У склада стоял белый теленок. Конторские кормили его сластями, теленок отворачивал влажный нос. «Гляньте, аристократ какой – пончики не ест, ишь, негодник, слюну пустил, а не стыдно перед дамами?» Голоса были чужие, и Феликс видел лишь белую морду, рыжую бровь и влажный, удивительно красно-рубиновый глаз бычка. Боже, он альбинос, и лейтенант был тоже альбинос, но один глаз у него был голубой, а другой карий, как все было давно, а я помню.

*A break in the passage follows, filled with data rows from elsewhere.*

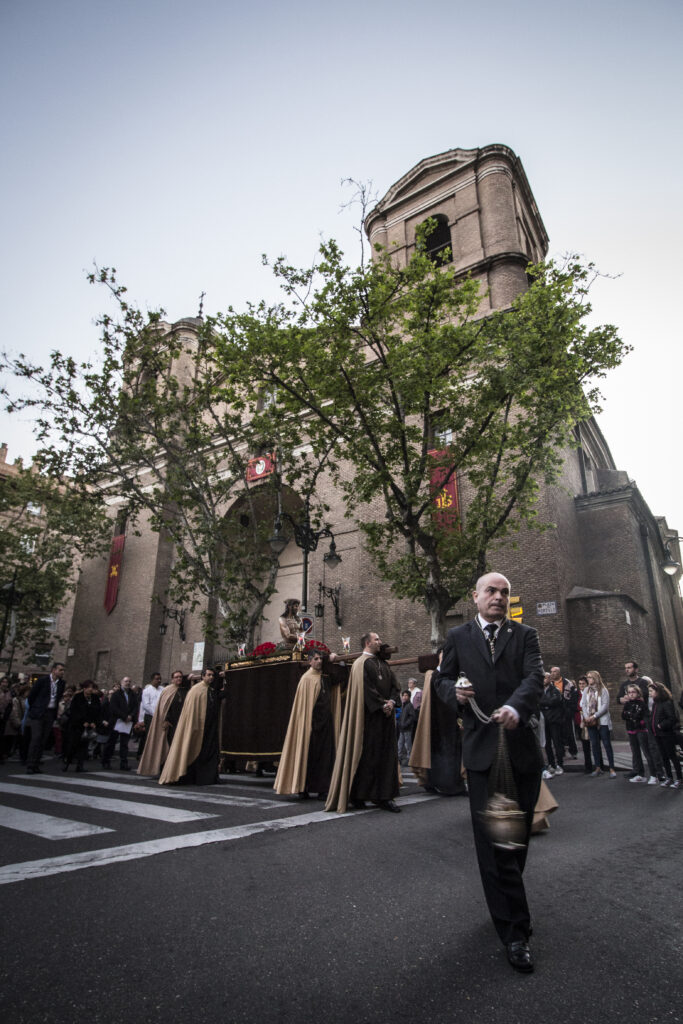 Desde la Iglesia de Santa Isabel de Portugal (vulgo San Cayetano) la Cofradía de Ntro. Sr. en la Oración del Huerto, se incorpora a la tradicional procesión del Santo Entierro que organiza la Muy Ilustre, Antiquísima y Real Hermandad de la Preciosísima Sangre de Nuestro Señor Jesucristo y Madre de Dios de Misericordia, con un amplio recorrido por la calles Zaragozanas.
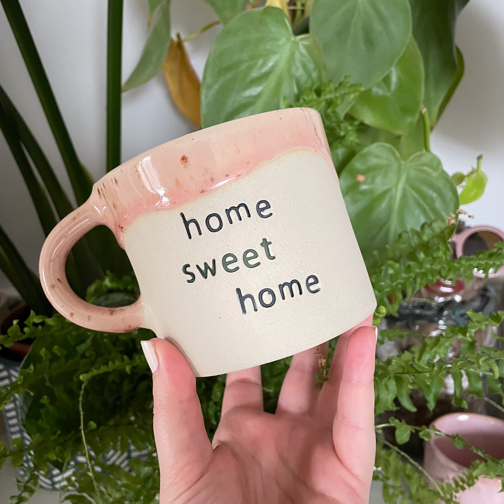 „Home Sweet Home” to więcej niż kubek – to ceramiczne przypomnienie, że najlepsze rzeczy dzieją się właśnie w domu. Każdy egzemplarz został ręcznie wykonany z gliny kamionkowej, wypalony w wysokiej temperaturze i pokryty szkliwem o ciepłym, różowym odcieniu.
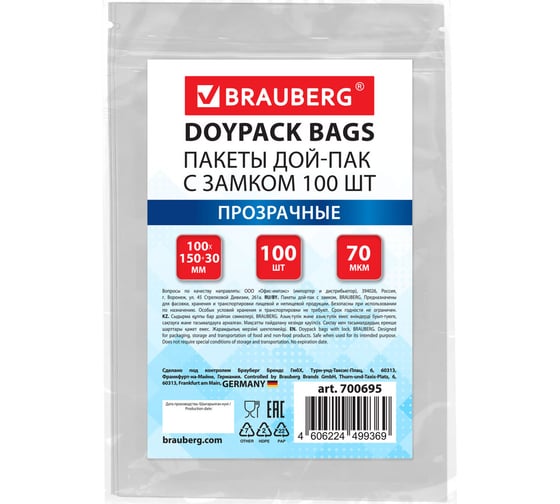 Пакет BRAUBERG Дой-Пак с замком зиплок, прозрачный, 100 х 150 + 30 мм, 100 штук, 70 мкм 700695
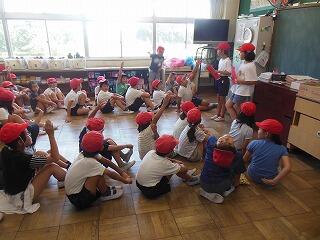柏踊りを教わった後は,運動会で踊ったダンスを披露しました。喜んでもらえて良かったです。子ども達も暑さを忘れ,一生懸命に踊っていました。

Подошел и сантехник с оселком и ножом в руках и стал чертить заскорузлым пальцем по вздрагивающей белой шерсти, объясняя:

– Это пашенинка, а это бочок, это грудинка называется. С жареным лучком – эх, хорошо, а тут, на горлышке – зарез, здесь мы его немного ножичком и пощекотим.

Почему этот слесарь приседает, выкидывая то руки, то ноги, и делает непонятные знаки? А дамы? Дамы виноваты, возбуждены, глаза расфокусированы. Как хорошо знал Феликс эти лица, бледно-любопытные, присутствующие при чужом крушении. И никто не усомнился, а ведь над ними нависло. Нудельман умный человек, сказал: «Там яма», но дурак торжествует, описывает полный круг, пока не рухнет – тогда поверит, да поздно, уже в яме. Опять я вспомнил Белоголового, и никуда я не уйду с фабрики, подумал Феликс.

– Послушайте, женщины, а стоит ли? – страстно желая увидеть другой глаз бычка, сказал Феликс. – Такой чудный белый бычок, его б в колхоз, пусть бы побегал по лужкам.

– Ты что, свежанинку не любишь? – взревела Акралена Петровна. – Чагунов, когда же, когда, наконец?

– Да за сарай гоните. Механик, глядеть пойдешь?

Феликс не ответил, удивляясь абсурдной мысли, возникшей в голове. Это Белоголовый! Это он! И этот бычок – он отмучается за меня и спасет меня. Как можно? Можно! И Феликс стал отыскивать нечто нужное, зная, что оно обязательно сейчас объявится. Ящик под стеной. На нем сидел Нудельман. Нет, ящик не мой.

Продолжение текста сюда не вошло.